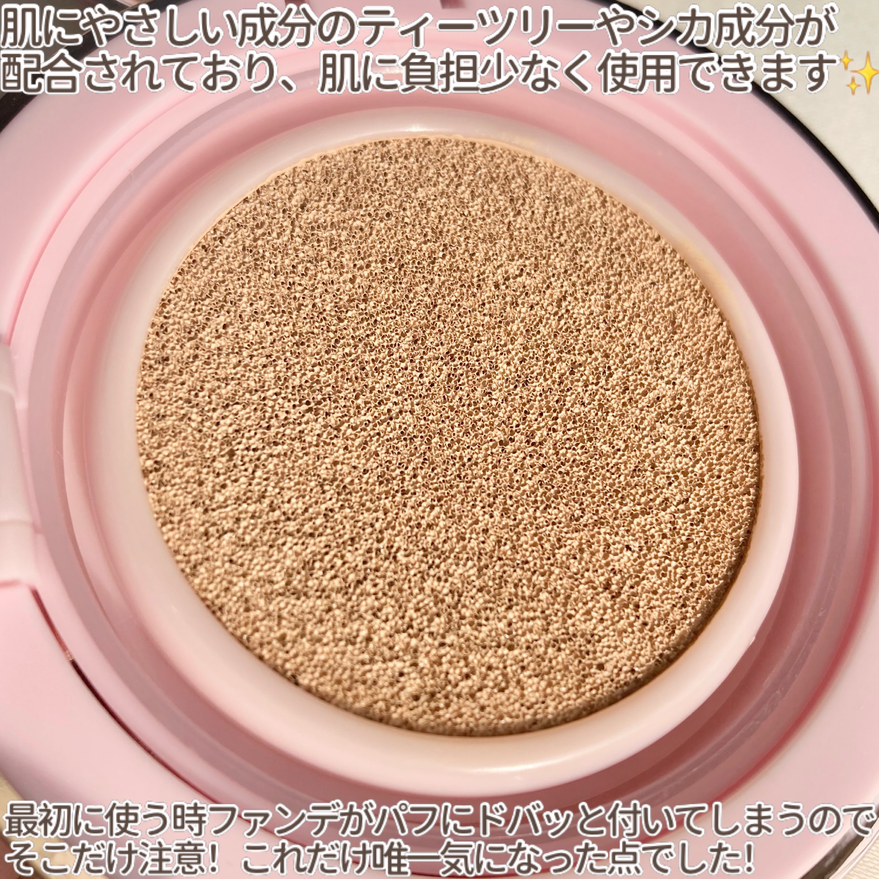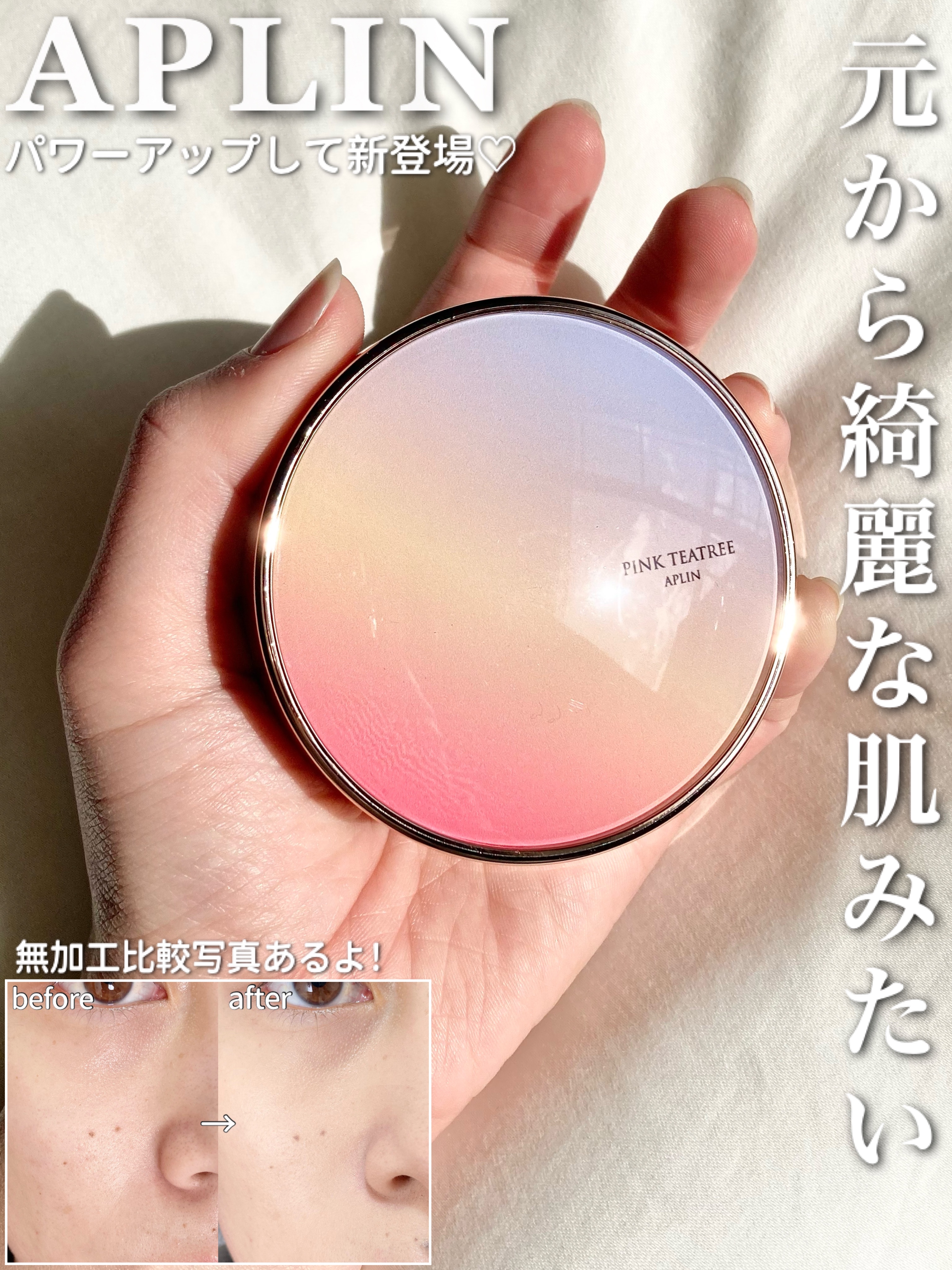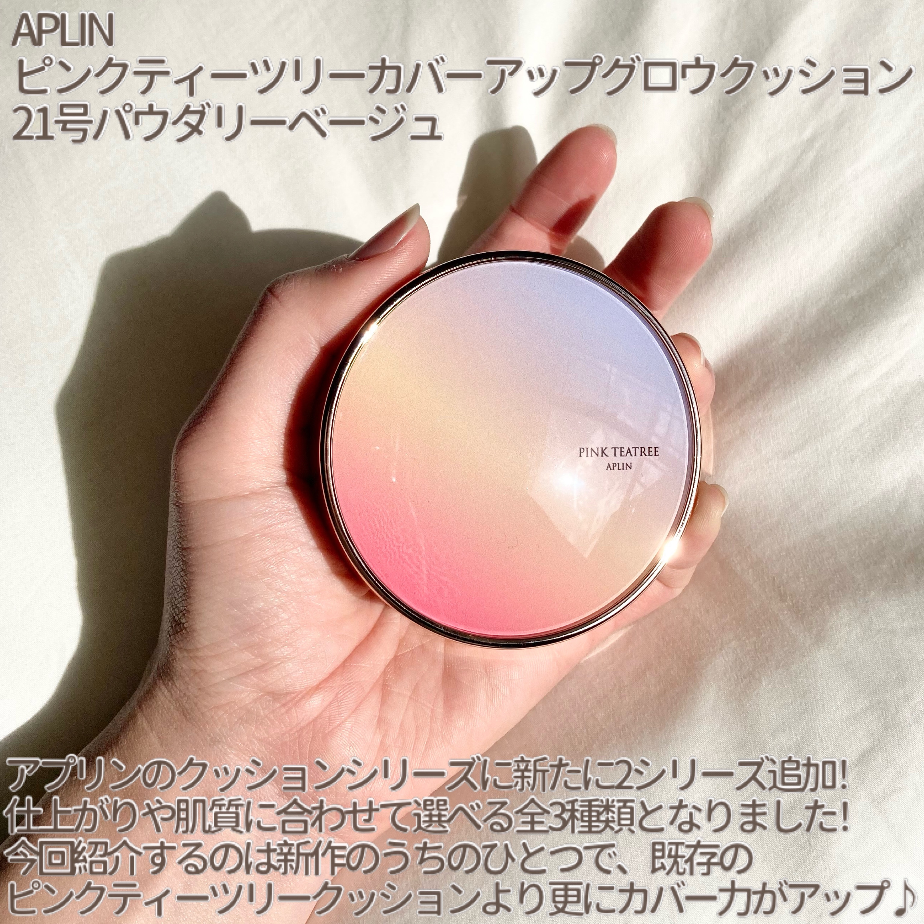 APLIN ピンクティーツリーカバークッション 21号ライトベージュ 2,490円(税込) 少量でよく伸びてハイカバー! 赤みやくすみをしっかりカバ一できるのに、厚塗り感のないなめらかな仕上がり♡ ハイカバーなのにナチュラルなツヤ感とサラッとしつつ、乾燥崩れしにくい仕上がりに感動します!!
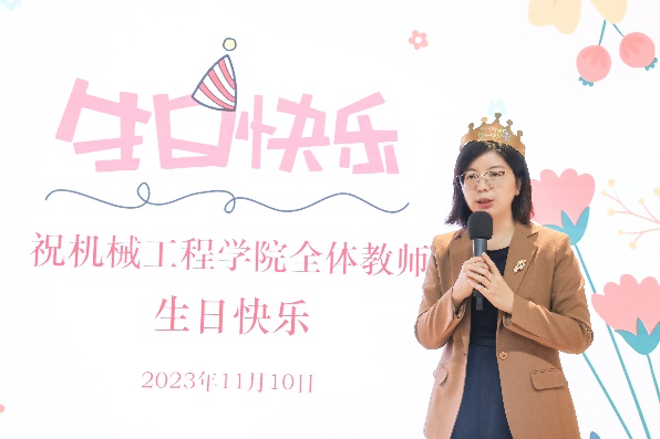 项淑芳老师代表学院为各位寿星老师献上祝福,祝大家身体康健,生日快乐。项老师表示机械学院是一个大家庭,学院与学科的进步离不开每一位老师的努力和贡献,她为学院的各位老师而骄傲,希望本次集体生日会的举办能为大家提供一个放松身心、互相交流的分享平台,在繁忙的工作之余感受到学院大家庭的温暖。俞磊老师首先围绕学院工会建设情况向各位寿星老师做简要介绍,俞老师感谢各位老师对学院与工会工作的支持,学院今后会进一步推动文化建设与人文关怀,展现我院全体教职工最积极的精神风貌。
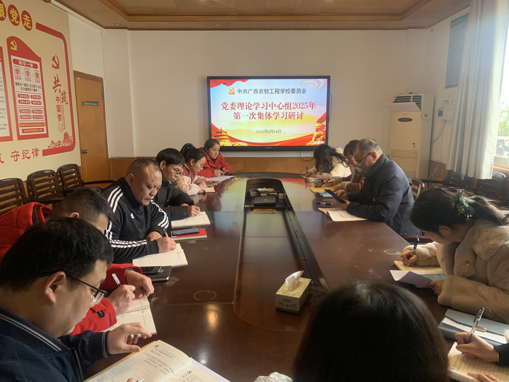 2月24日,广西农牧工程学校党委开展“学思想·强纪律·谋新篇”中心组2025年度第一次集体学习,深入学习党的二十届三中全会和中央纪委四次全会精神,以全面从严治党引领农业职教改革创新。
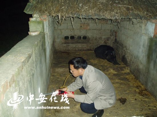 工作人员在肥东的一户人家的猪圈里进行蚊虫监测
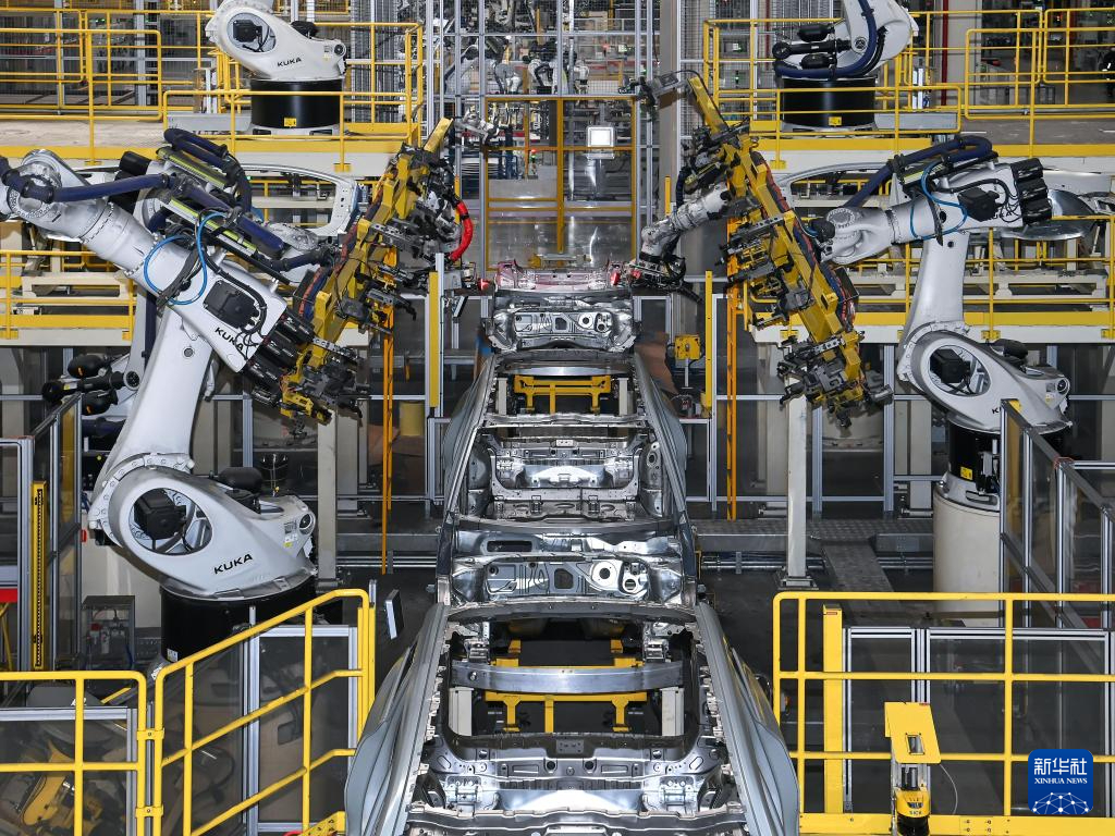 2月26日在吉利汽车宝鸡制造基地焊装厂拍摄的自动化焊接线。新华社记者 邹竞一 摄
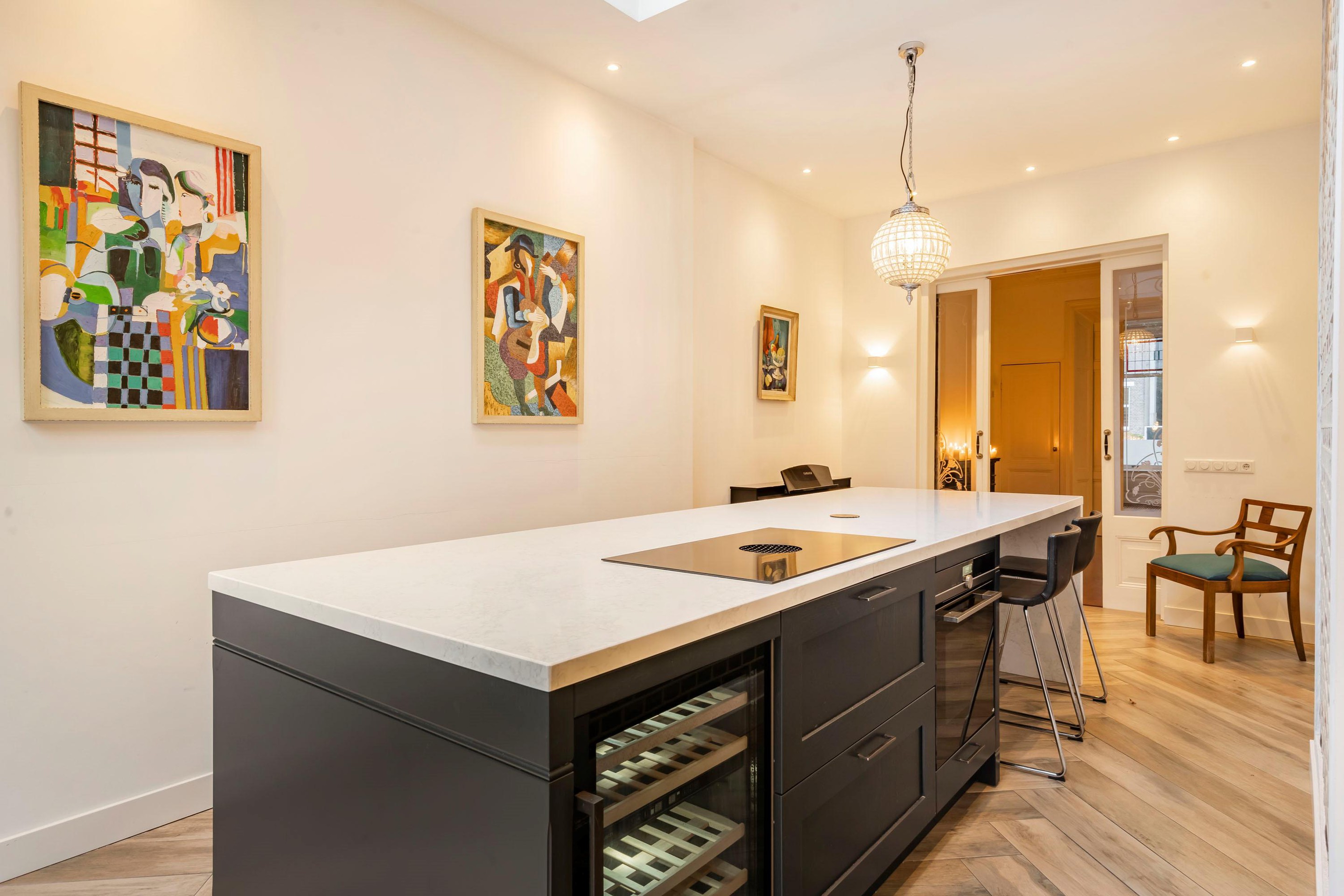 - Zeer royale keuken met kookeiland, bar, Bora inductie, Quooker, stoomoven, reguliere oven, koffiemachine en gekoelde wijnkast
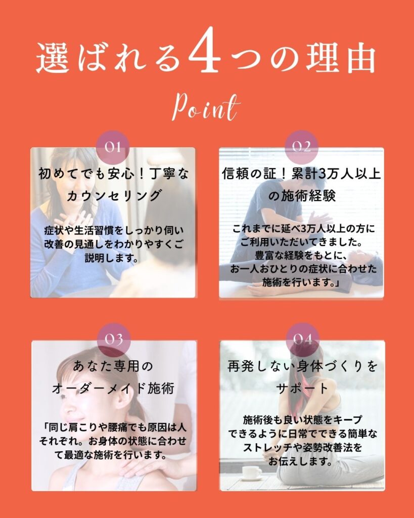 痛みの本当の原因を見極め、的確な施術で改善へと導きます。

YOUR INSTRUCTIONS |
Take the line containing "- Zeer royale" and all lines after it to the end of the data above, and reproduce them exactly, leaving out pictures. Nothing else belongs in the copy.

TASK SOLUTION |
 - Zeer royale keuken met kookeiland, bar, Bora inductie, Quooker, stoomoven, reguliere oven, koffiemachine en gekoelde wijnkast
 痛みの本当の原因を見極め、的確な施術で改善へと導きます。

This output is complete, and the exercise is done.